CHAPTER 7. Appeals [19700.1 - 19710]
( Heading of Chapter 7 amended by Stats. 2012, Ch. 47, Sec. 41. )
For the purposes of this chapter, the following definitions shall apply:
(a) “Appellant” means an applicant or client who has filed an oral or written request for an administrative review or a written request for a fair hearing.
(b) “Applicant” means any individual who has applied for vocational rehabilitation or independent living services which the department provides.

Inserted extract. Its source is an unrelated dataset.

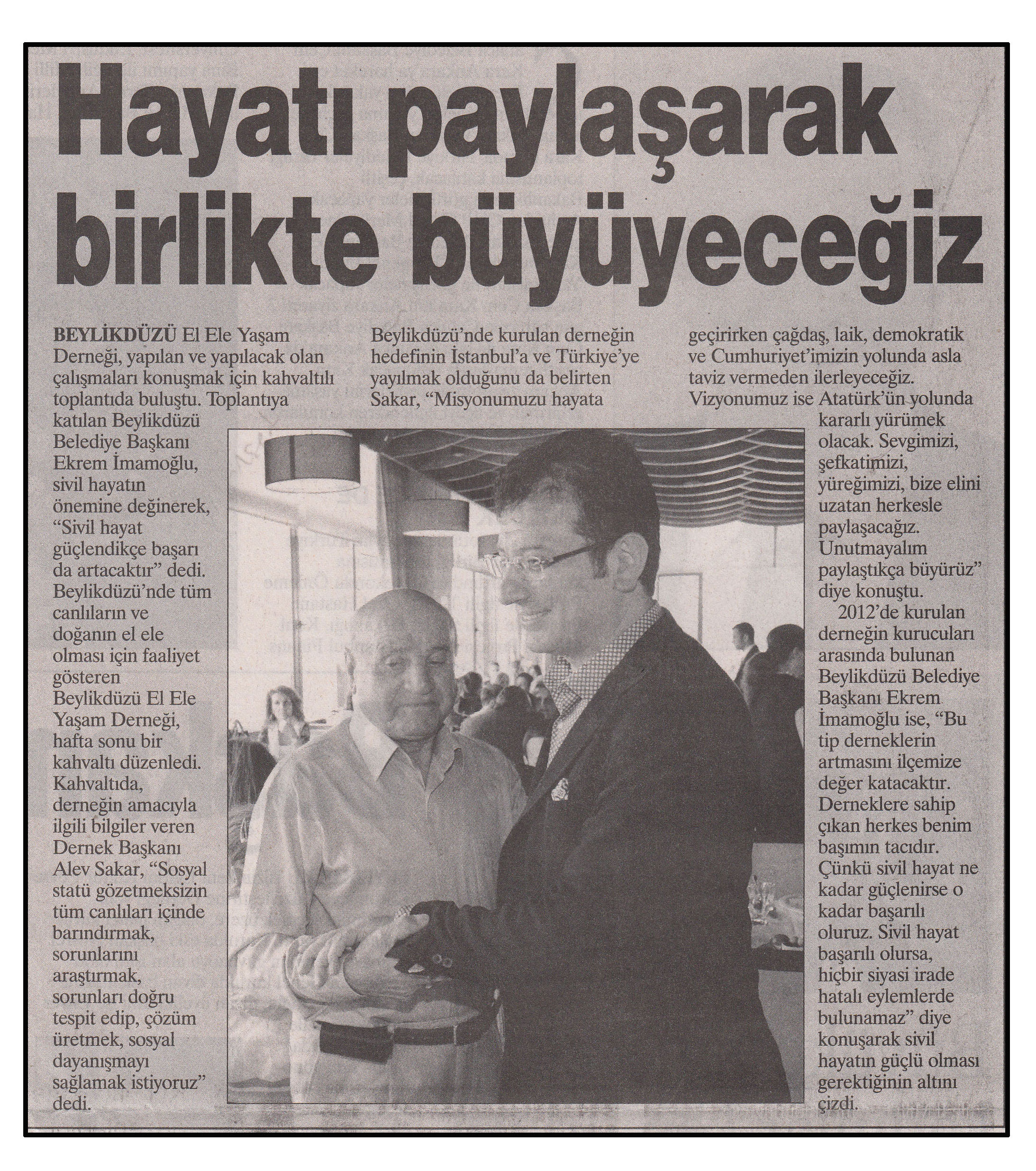 4 Haziran 2014 tarihli "MANŞET" gazetesi. Beylikdüzü El Ele Yaşam Derneği, yapılan ve yapılacak olan çalışmaları konuşmak için kahvaltılı toplantıda buluştu.

The term also refers to individuals who apply for such services and are found ineligible.
(c) “Client” means any person receiving vocational rehabilitation or independent living services or support from the department.
(Amended by Stats. 1993, Ch. 937, Sec. 29. Effective October 8, 1993.)
(a) The provisions of this chapter relative to vocational rehabilitation or independent living services, or both, shall be administered fairly to the end that all persons who are eligible and apply for those services shall receive the services to which they are entitled under state and federal statutes and regulations promptly and with due consideration for their needs.
(b) Any applicant for services, or client of the department shall be informed as to the provisions of eligibility and his or her responsibility for reporting facts material to a correct determination of his or her eligibility for services.
(c) Any applicant for services, or client of the department who is denied vocational rehabilitation or independent living services, or both shall be notified in writing of the grounds on which the denial is based.
(Amended by Stats. 1993, Ch. 937, Sec. 30.5. Effective October 8, 1993.)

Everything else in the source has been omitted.